**YOUR OBJECTIVE**
The entries below contain pictures. Write out only the lines from the line with "Cladogram presenting the" up to and including the line with "Regentag! Deshalb fuhren", exactly, without them.

**RAW DATA**
::::::::
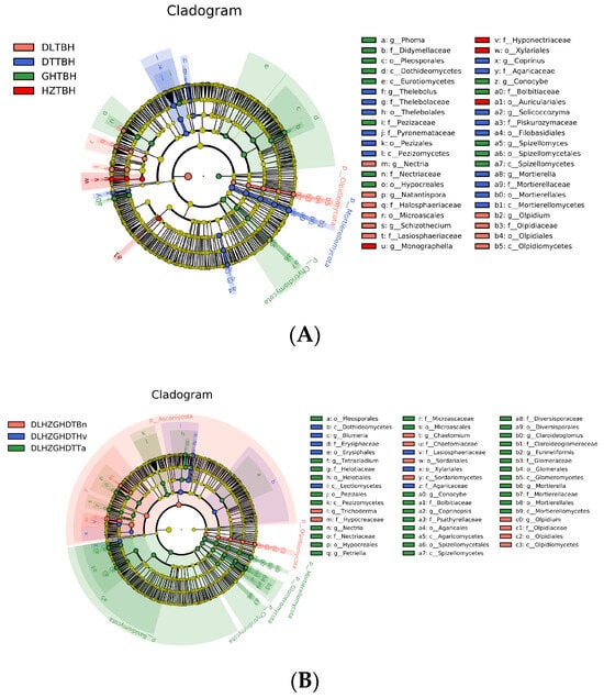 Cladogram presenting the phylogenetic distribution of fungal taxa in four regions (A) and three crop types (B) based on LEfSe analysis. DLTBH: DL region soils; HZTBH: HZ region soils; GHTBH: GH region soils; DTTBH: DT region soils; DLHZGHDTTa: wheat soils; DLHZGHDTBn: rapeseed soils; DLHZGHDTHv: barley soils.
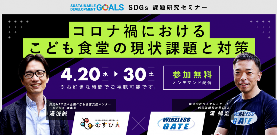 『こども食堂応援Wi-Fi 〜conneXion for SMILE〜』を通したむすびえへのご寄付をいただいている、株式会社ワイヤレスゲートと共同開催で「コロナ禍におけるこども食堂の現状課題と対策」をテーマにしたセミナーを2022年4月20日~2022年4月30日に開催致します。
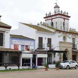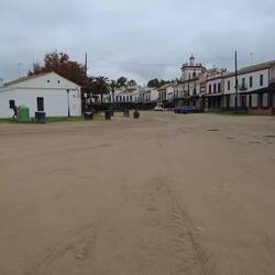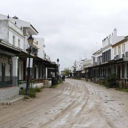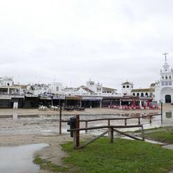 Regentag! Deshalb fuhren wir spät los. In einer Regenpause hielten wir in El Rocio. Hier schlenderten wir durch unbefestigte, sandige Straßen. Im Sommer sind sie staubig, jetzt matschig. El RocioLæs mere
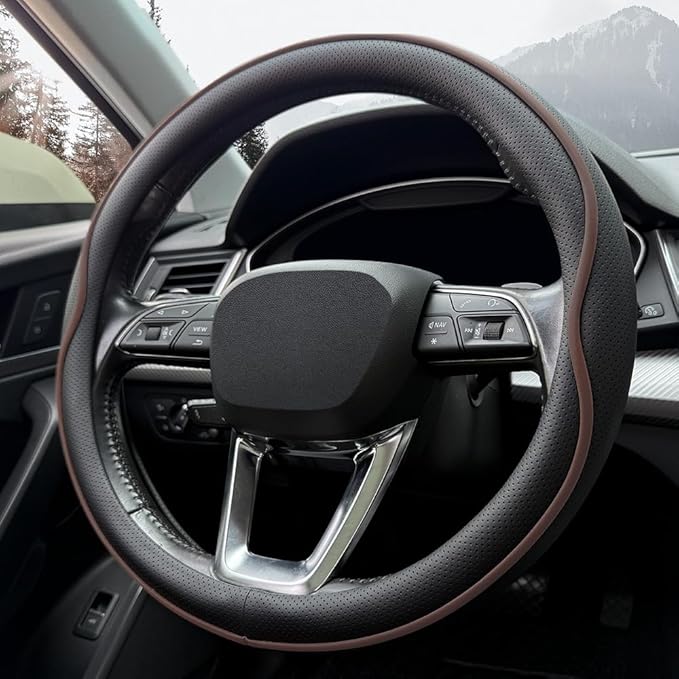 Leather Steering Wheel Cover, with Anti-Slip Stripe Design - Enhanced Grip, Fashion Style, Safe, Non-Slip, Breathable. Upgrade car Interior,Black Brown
::::::::
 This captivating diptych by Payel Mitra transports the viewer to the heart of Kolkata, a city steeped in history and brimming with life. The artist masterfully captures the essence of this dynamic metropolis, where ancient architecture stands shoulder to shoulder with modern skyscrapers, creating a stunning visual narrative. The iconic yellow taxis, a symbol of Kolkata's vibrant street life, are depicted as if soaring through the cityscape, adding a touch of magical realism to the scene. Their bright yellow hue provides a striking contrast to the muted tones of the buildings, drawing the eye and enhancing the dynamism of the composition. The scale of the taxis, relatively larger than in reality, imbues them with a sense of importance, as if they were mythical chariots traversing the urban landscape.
::::::::
**RESULT OF THE EXERCISE**
 Cladogram presenting the phylogenetic distribution of fungal taxa in four regions (A) and three crop types (B) based on LEfSe analysis. DLTBH: DL region soils; HZTBH: HZ region soils; GHTBH: GH region soils; DTTBH: DT region soils; DLHZGHDTTa: wheat soils; DLHZGHDTBn: rapeseed soils; DLHZGHDTHv: barley soils.
 『こども食堂応援Wi-Fi 〜conneXion for SMILE〜』を通したむすびえへのご寄付をいただいている、株式会社ワイヤレスゲートと共同開催で「コロナ禍におけるこども食堂の現状課題と対策」をテーマにしたセミナーを2022年4月20日~2022年4月30日に開催致します。
 Regentag! Deshalb fuhren wir spät los. In einer Regenpause hielten wir in El Rocio. Hier schlenderten wir durch unbefestigte, sandige Straßen. Im Sommer sind sie staubig, jetzt matschig. El RocioLæs mere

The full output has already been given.